● The task: Exclude the pictures and reproduce the remaining data exactly as written.

● Provided material:
◆ ◆ ◆ ◆

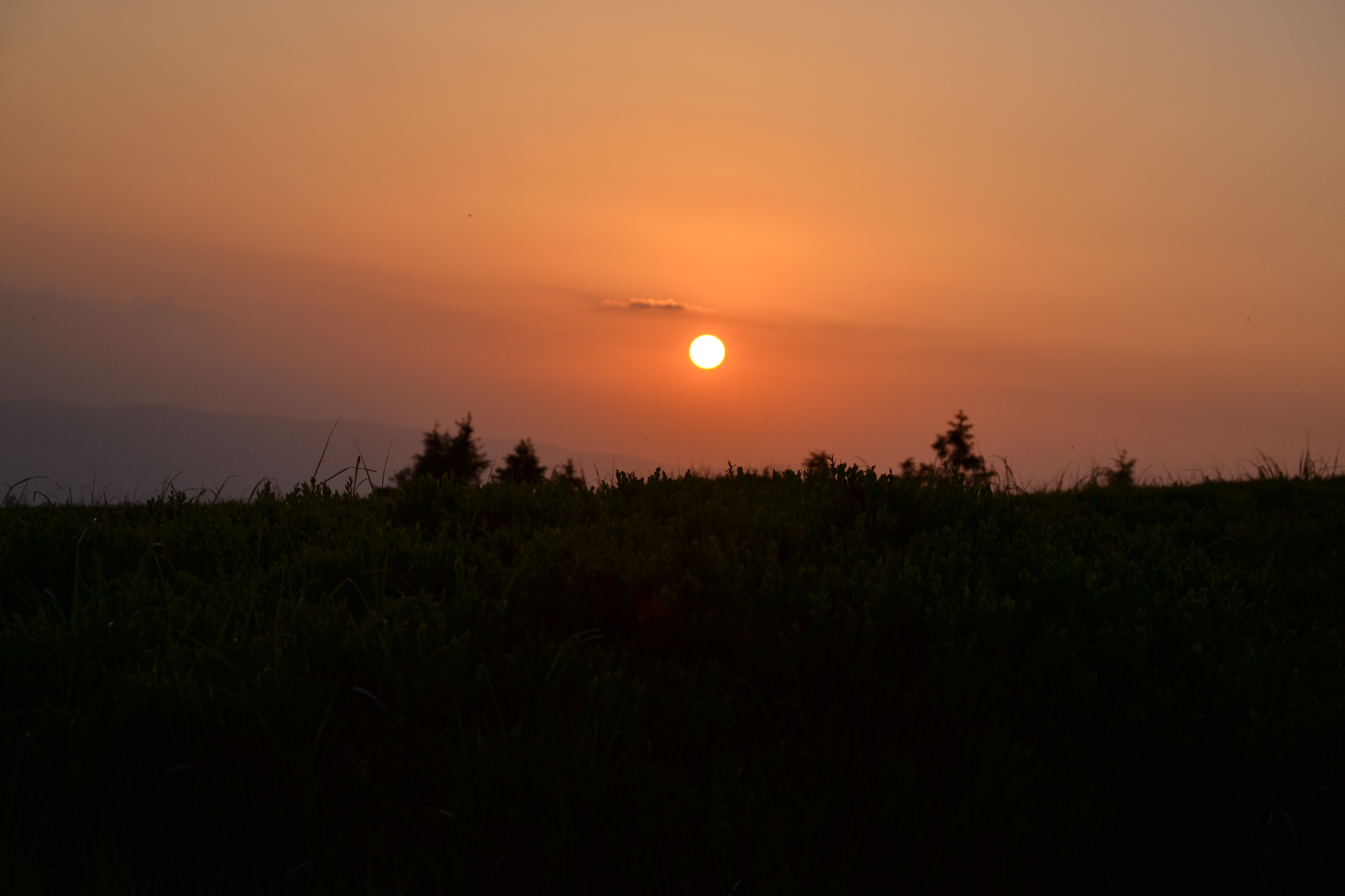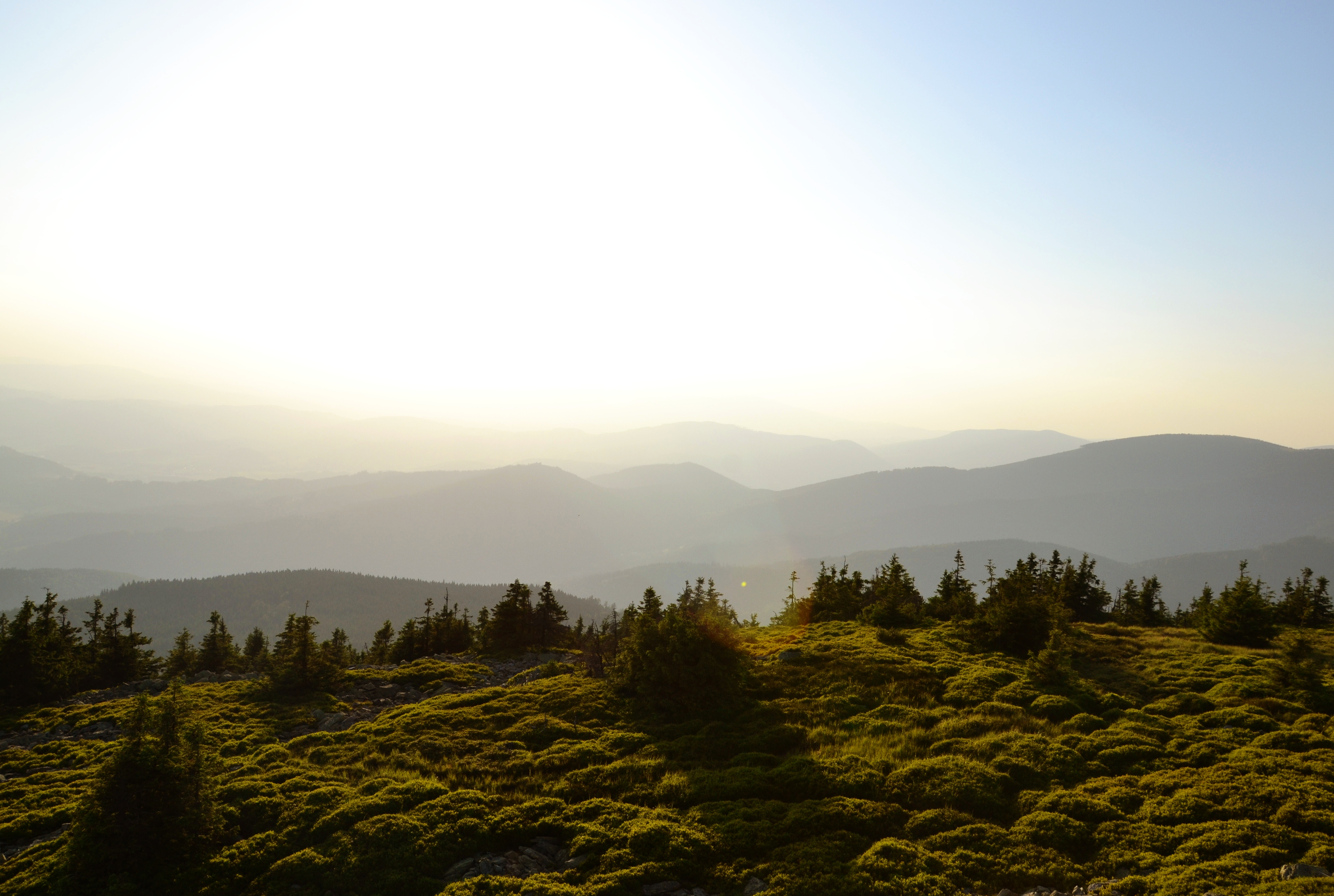 Na Jelení studánce bylo už obsazeno, ale tak nějak jsem s tím počítala. Starší chlapík pokračoval dál a mladší mi hned nabízel placatku se slivovicí a prorokoval, že dnes určitě ještě někdo přijde. Já ale potřebovala na vrchol Pecný, což není daleko, tak jsem s díky odmítla, ujistila ho, že se ještě vrátím a rychle šla dál. Po cestě už jsem samozřejmě potkala ty, kteří vylezli večer jen ze Skřítku nahoru a také se chystali na Jelence přespat. Když jsem se vrátila, bylo už u chatky a pramene rušno. Kromě mě a Tomáše (borec s placatkou) tam byli učitelé z Bruntálu s dětmi, které se dobrovolně přihlásily na dobrodružný výlet do Jeseníků. V chatě se ubytovala partička asi o pěti dospělých a dvou dětech, která dorazila jako poslední, a my ostatní jsme si poskládali spacáky do řady vedle na trávník. I když jsem nejdřív slivovici odmítla, po zhodnocení mé únavy a večerní dobré nálady, jsem si nakonec taky dala. No, spíš jsem jen tak olizovala placatku, jestli to byl nakonec panák, tak to bylo hodně. Na žízeň jsem dostala pivko a po večeři jsme se houfně sebrali za kopec pozorovat západ slunce a fotit.
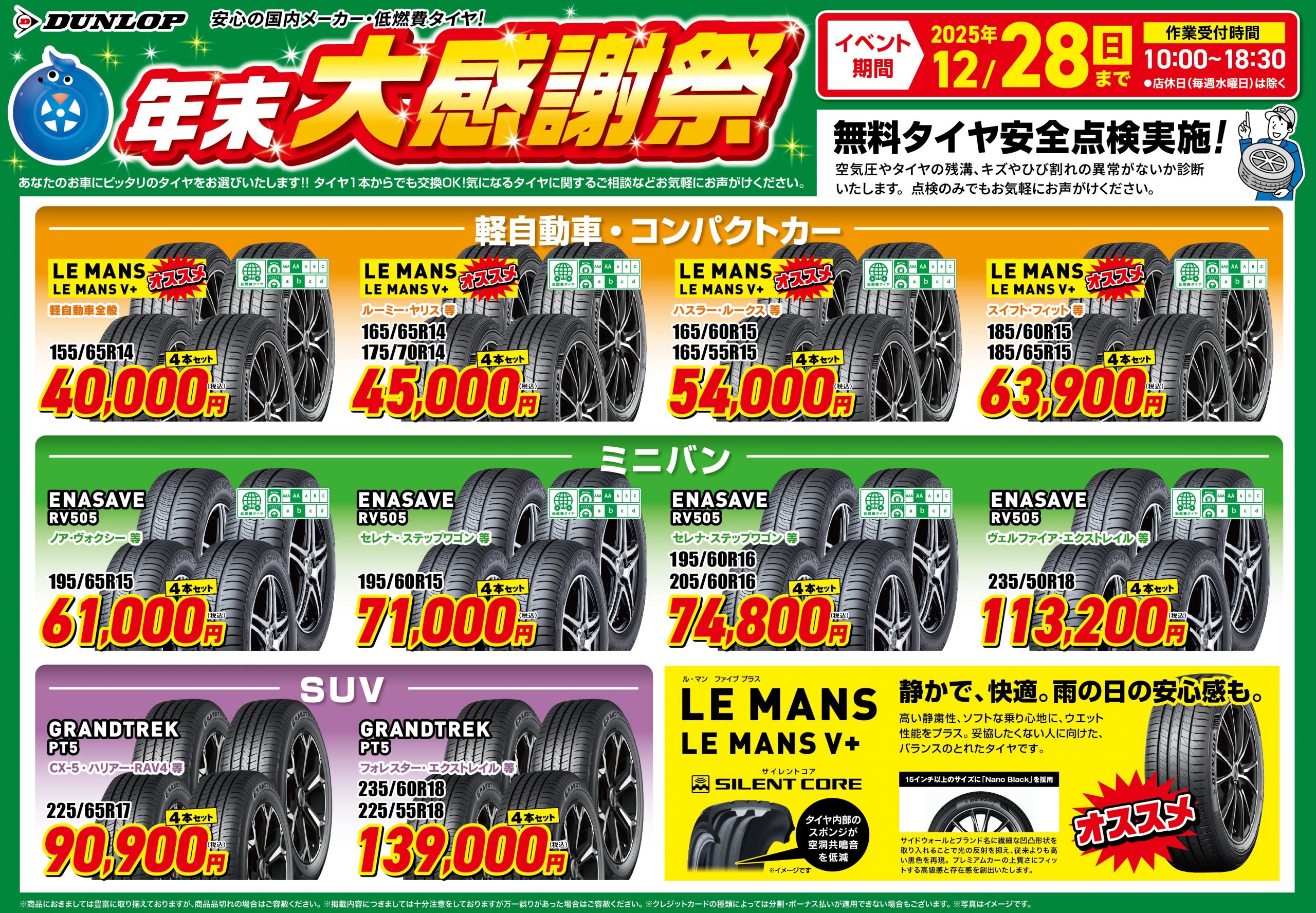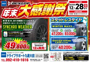 【ドライブサポート九産大前】愛車無料点検&タイヤ年末大感謝祭開催中!
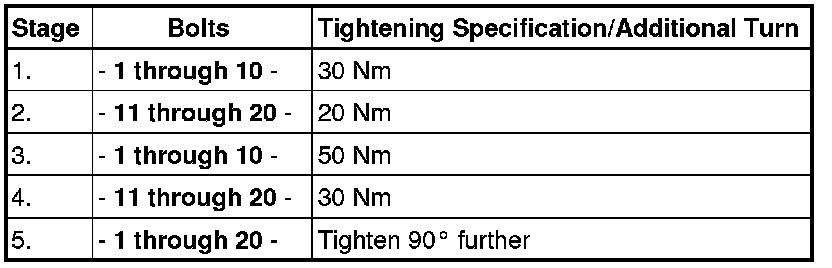 - Tighten the guide frame to cylinder block sealing surface bolts, - highlighted in dark -, in a diagonal sequence to 9 Nm.

◆ ◆ ◆ ◆

● Response to the exercise:
 Na Jelení studánce bylo už obsazeno, ale tak nějak jsem s tím počítala. Starší chlapík pokračoval dál a mladší mi hned nabízel placatku se slivovicí a prorokoval, že dnes určitě ještě někdo přijde. Já ale potřebovala na vrchol Pecný, což není daleko, tak jsem s díky odmítla, ujistila ho, že se ještě vrátím a rychle šla dál. Po cestě už jsem samozřejmě potkala ty, kteří vylezli večer jen ze Skřítku nahoru a také se chystali na Jelence přespat. Když jsem se vrátila, bylo už u chatky a pramene rušno. Kromě mě a Tomáše (borec s placatkou) tam byli učitelé z Bruntálu s dětmi, které se dobrovolně přihlásily na dobrodružný výlet do Jeseníků. V chatě se ubytovala partička asi o pěti dospělých a dvou dětech, která dorazila jako poslední, a my ostatní jsme si poskládali spacáky do řady vedle na trávník. I když jsem nejdřív slivovici odmítla, po zhodnocení mé únavy a večerní dobré nálady, jsem si nakonec taky dala. No, spíš jsem jen tak olizovala placatku, jestli to byl nakonec panák, tak to bylo hodně. Na žízeň jsem dostala pivko a po večeři jsme se houfně sebrali za kopec pozorovat západ slunce a fotit.
 【ドライブサポート九産大前】愛車無料点検&タイヤ年末大感謝祭開催中!
 - Tighten the guide frame to cylinder block sealing surface bolts, - highlighted in dark -, in a diagonal sequence to 9 Nm.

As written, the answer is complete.